PLEK2 functions as a co-factor of YTHDF2 to enhance TYMS mRNA stability in colorectal cancer

High expression of nucleotide synthetic enzyme thymidylate synthase (TYMS) is responsible for the resistance to fluorouracil (FU) treatment and worse survival in colorectal cancer. Herein, we revealed that Pleckstrin-2 (PLEK2), highly expressed in CRC, enhanced TYMS mRNA stability via its interaction with YTHDF2 in a m6A-dependent manner. Silencing of PLEK2 led to the downregulation of TYMS, and consequent inhibition of CRC cell proliferation via the cellular senescence. Additionally, PLEK2 is also required for CRC cell migration, invasion and stemness-like properties. PLEK2 inhibition is sufficient to ameliorate the progression of CRC. Moreover, loss of PLEK2 inhibited AOM/DSS-induced colonic tumorigenesis in vivo. Together, our study identified PLEK2 as a key regulator for the progress of CRC via the regulation of TYMS expression, and demonstrated that PLEK2 is a novel therapeutic target for CRC. Overall design: 1X107 HCT116 cells transduced with retroviruses encoding HA tagged PLEK2 and empty vector were collected and lysed according to the instructions of RIP Immunoprecipitation Kit (Geneseed, P0101). Briefly, Agarose beads coated with 2µg of HA antibodies against human PLEK2 were incubated with prepared cell lysates overnight at 4°C. RNA was eluted by 15 µL of RNase-free water in the following steps, then ribominus rRNA were depleted by the rRNA depletion kits (Thermo, K155001), for high-throughput sequencing, the libraries were prepared following the manufacturer's instructions and applied to Illumina NovaSeq 6000 system for 150 nt paired-end sequencing (Novogene).

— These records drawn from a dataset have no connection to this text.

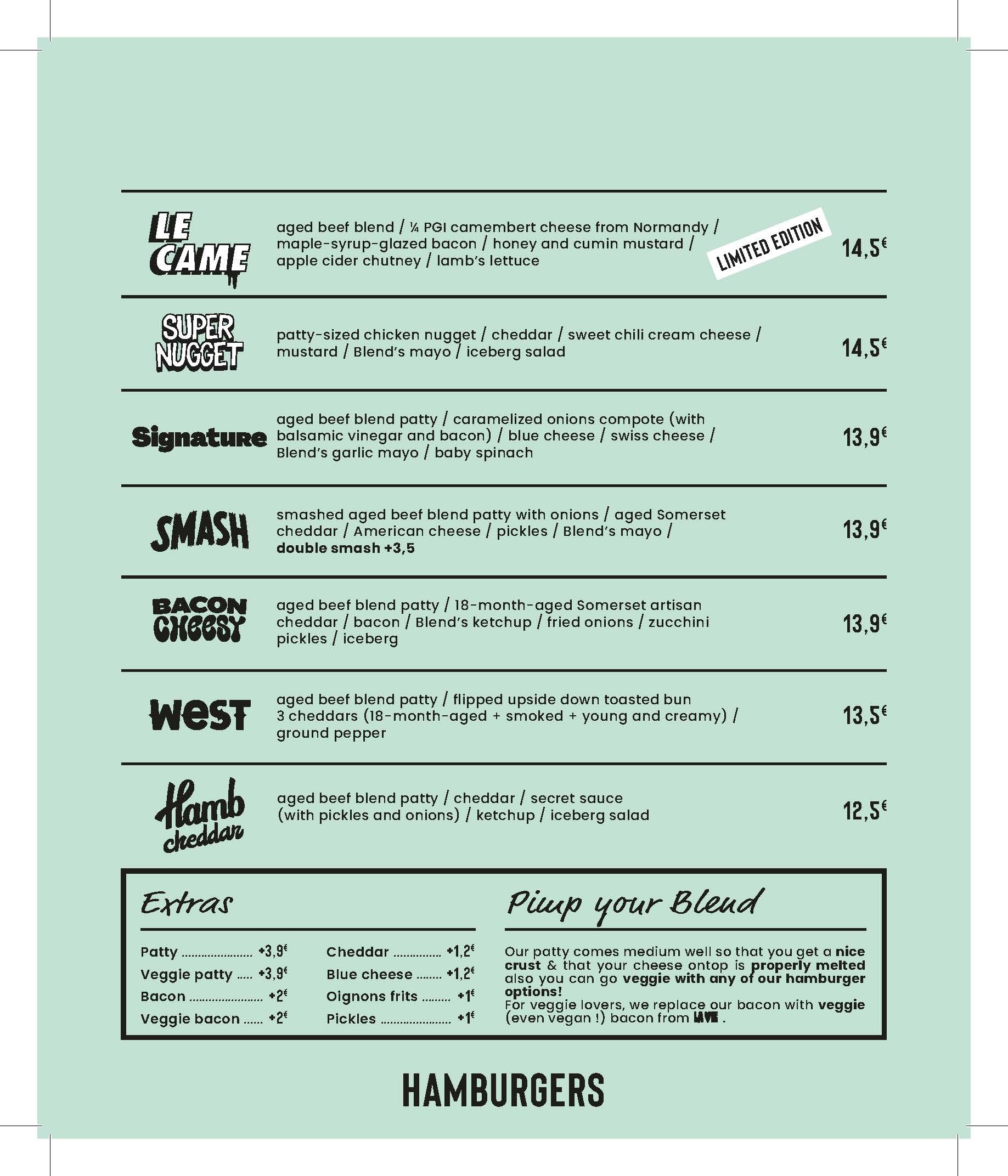 Excellent lieu chaleureux avec un accueil cool et sympa. Délicieux burgers avec frites maison. Une adresse incontournable à St Germain des Prés. Click and collect via blendhamburger.com Excellent, warm place with a cool, friendly welcome. Delicious burgers with home fries. A must in St Germain des Prés. Click and collect via blendhamburger.com Excelente lugar cálido con una bienvenida fresca y amable. Deliciosas hamburguesas con patatas fritas caseras. Imprescindible en St Germain des Prés. Haga clic y recoja a través de blendhamburger.com
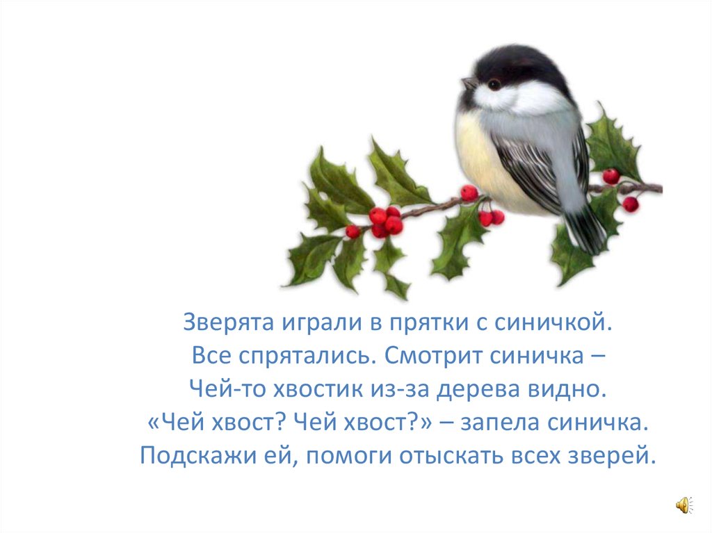 Зверята играли в прятки с синичкой.Все спрятались. Смотрит синичка –
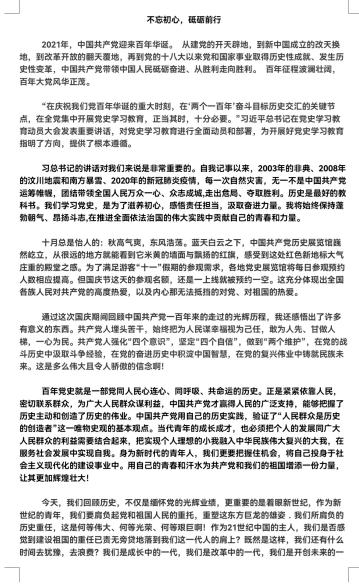 于10月中上旬在线上举办了“百年华诞悟党史,喜迎国庆表初心”活动。学生自主选择参赛形式,可以通过DIY徽章,征文或短视频的形式,在国庆节里感悟党史,体悟“是他们给了我们现在的生活”。
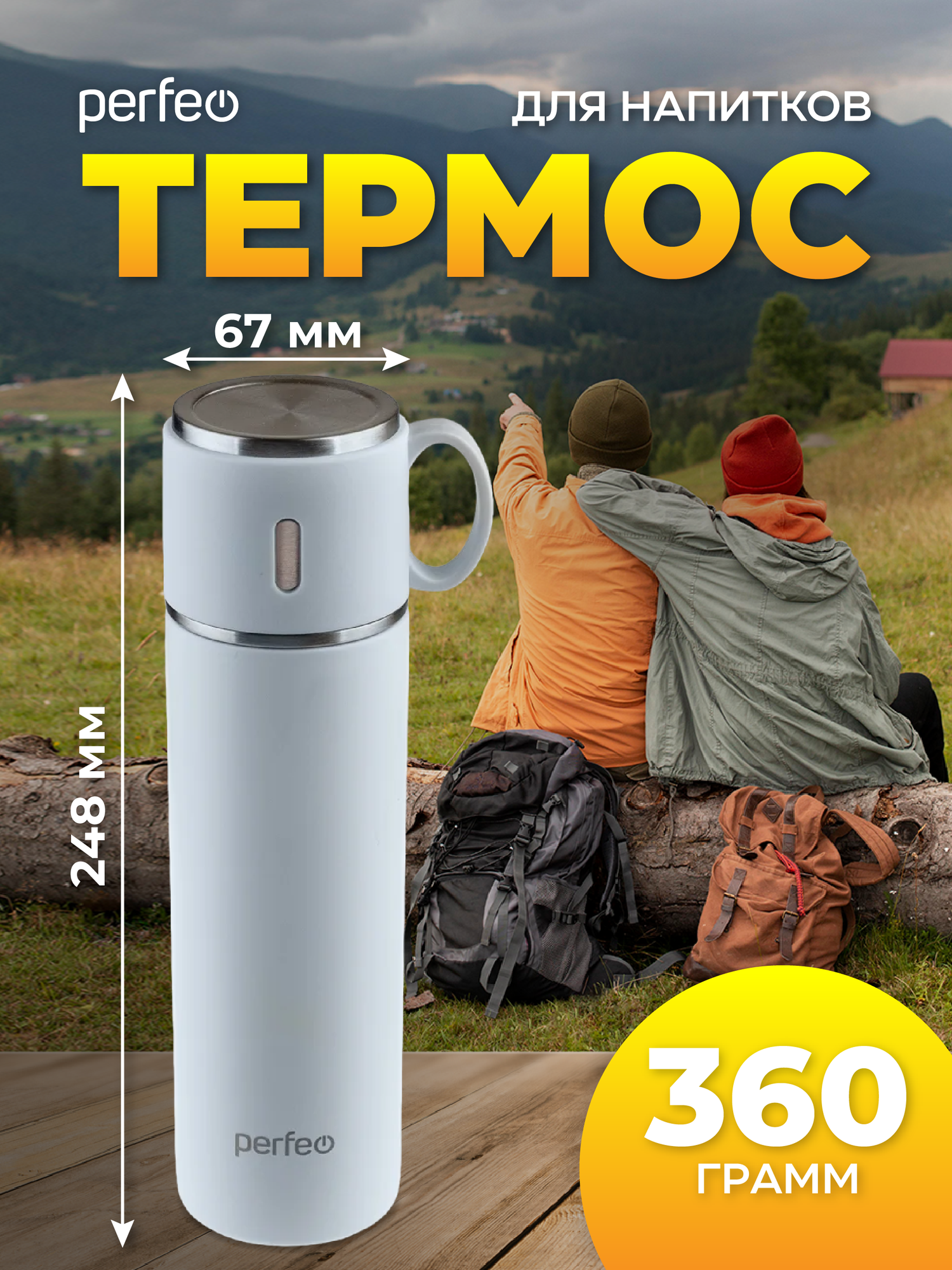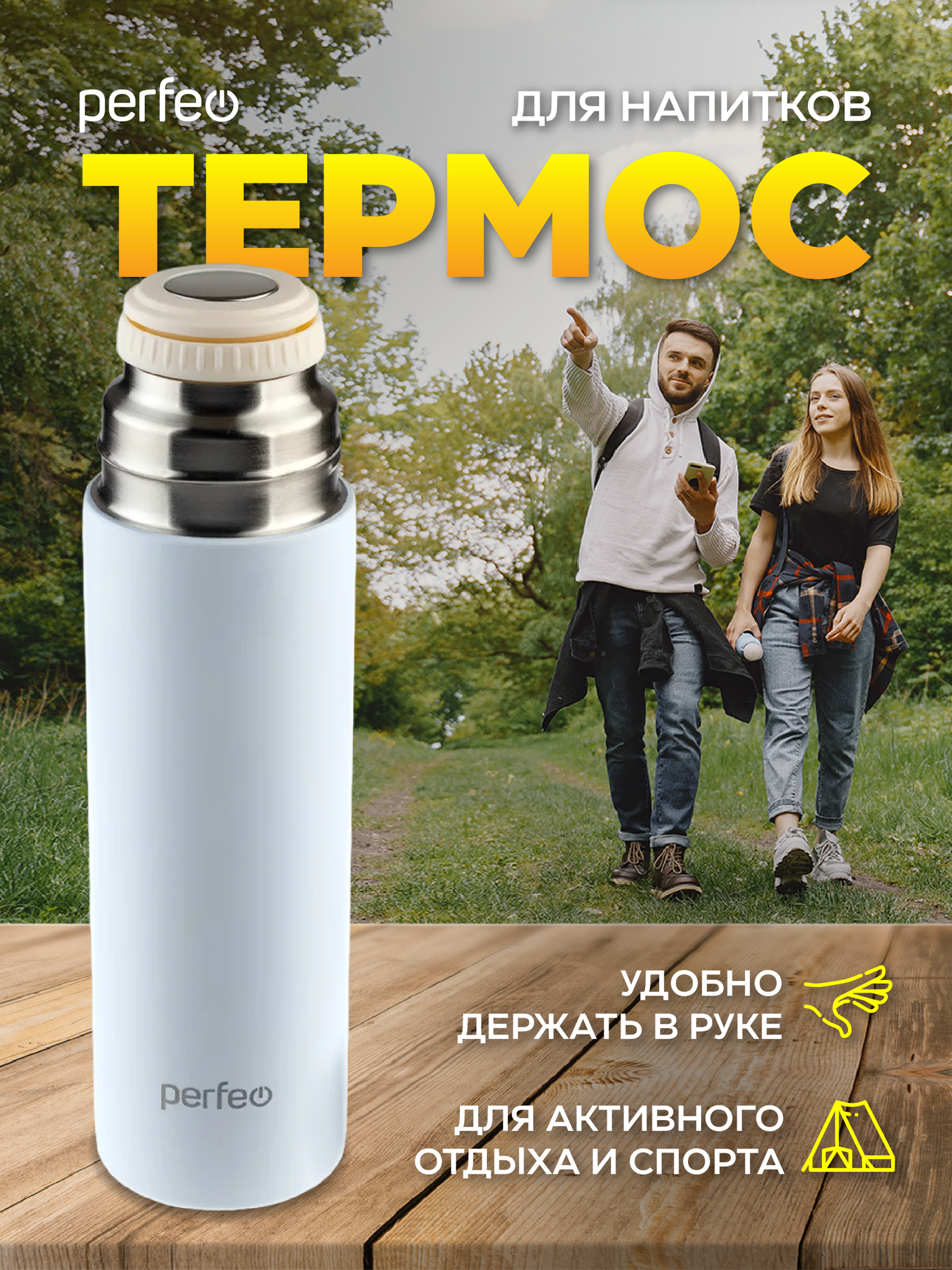 Купить Термос PERFEO для напитков с пробкой-кнопкой, крышкой-кружкой, объем 0,5 л, белый (PF_D0213)
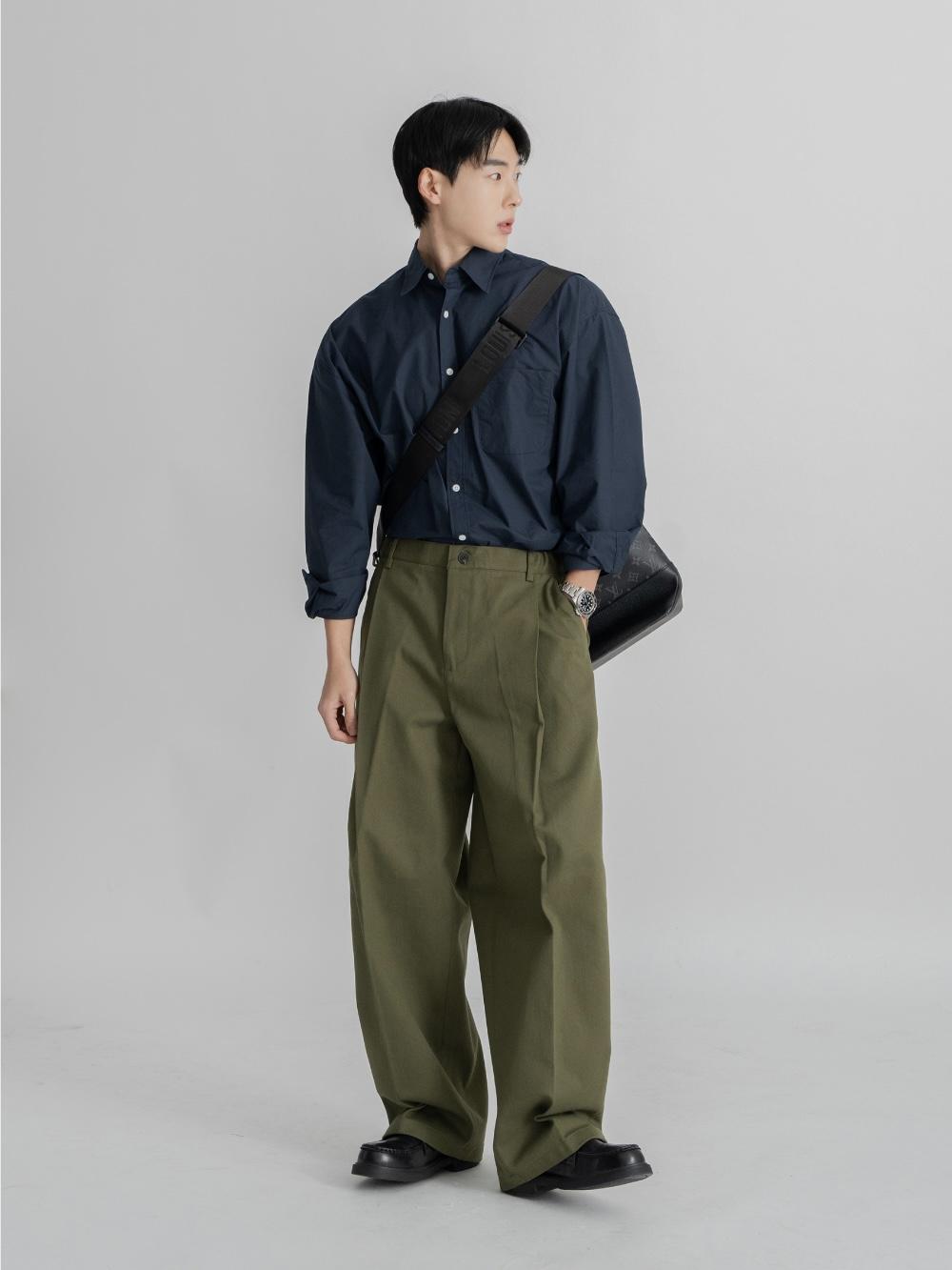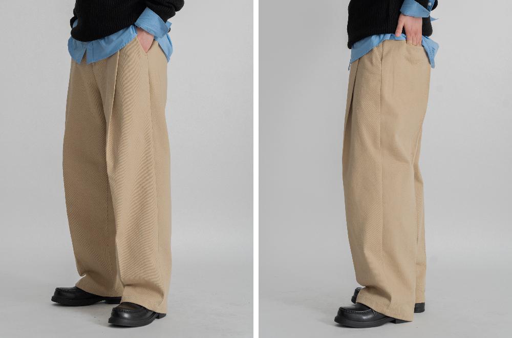 採用堅挺耐用的棉質製成,單邊摺痕細節設計,彈性鬆緊腰圍剪裁,穿上去顯腿長又好搭配的寬褲!!

核苷酸合成酶胸苷酸合酶（thymidylate synthase, TYMS）高表达是结直肠癌患者对氟尿嘧啶（fluorouracil, FU）治疗产生耐药性及预后不良的关键原因。本研究证实，在结直肠癌（colorectal cancer, CRC）中高表达的pleckstrin-2（PLEK2）可通过与YTHDF2相互作用，以m6A依赖的方式增强TYMS mRNA的稳定性。敲低PLEK2可下调TYMS的表达，并通过诱导细胞衰老进而抑制结直肠癌细胞的增殖。此外，PLEK2同样是结直肠癌细胞迁移、侵袭及干细胞样特性维持所必需的。抑制PLEK2即可有效阻滞结直肠癌的进展。进一步体内实验表明，敲除PLEK2可抑制AOM/DSS诱导的小鼠结肠肿瘤发生。综上，本研究鉴定PLEK2为通过调控TYMS表达参与结直肠癌进展的关键调控因子，并证实PLEK2是结直肠癌的新型治疗靶点。 整体实验设计：收集1×10^7个转染了携带HA标签PLEK2的逆转录病毒及空载体的HCT116细胞，按照RIP免疫沉淀试剂盒（Geneseed, P0101）的说明书进行细胞裂解与后续操作。具体步骤为：将包被有2μg抗人PLEK2的HA抗体的琼脂糖微球与制备好的细胞裂解液在4℃下孵育过夜。后续使用15μL无RNase水洗脱RNA，再通过rRNA去除试剂盒（Thermo, K155001）去除核糖体RNA。为开展高通量测序（high-throughput sequencing），按照试剂盒说明书构建测序文库，并将文库置于Illumina NovaSeq 6000平台进行150nt双端测序（诺禾致源, Novogene）。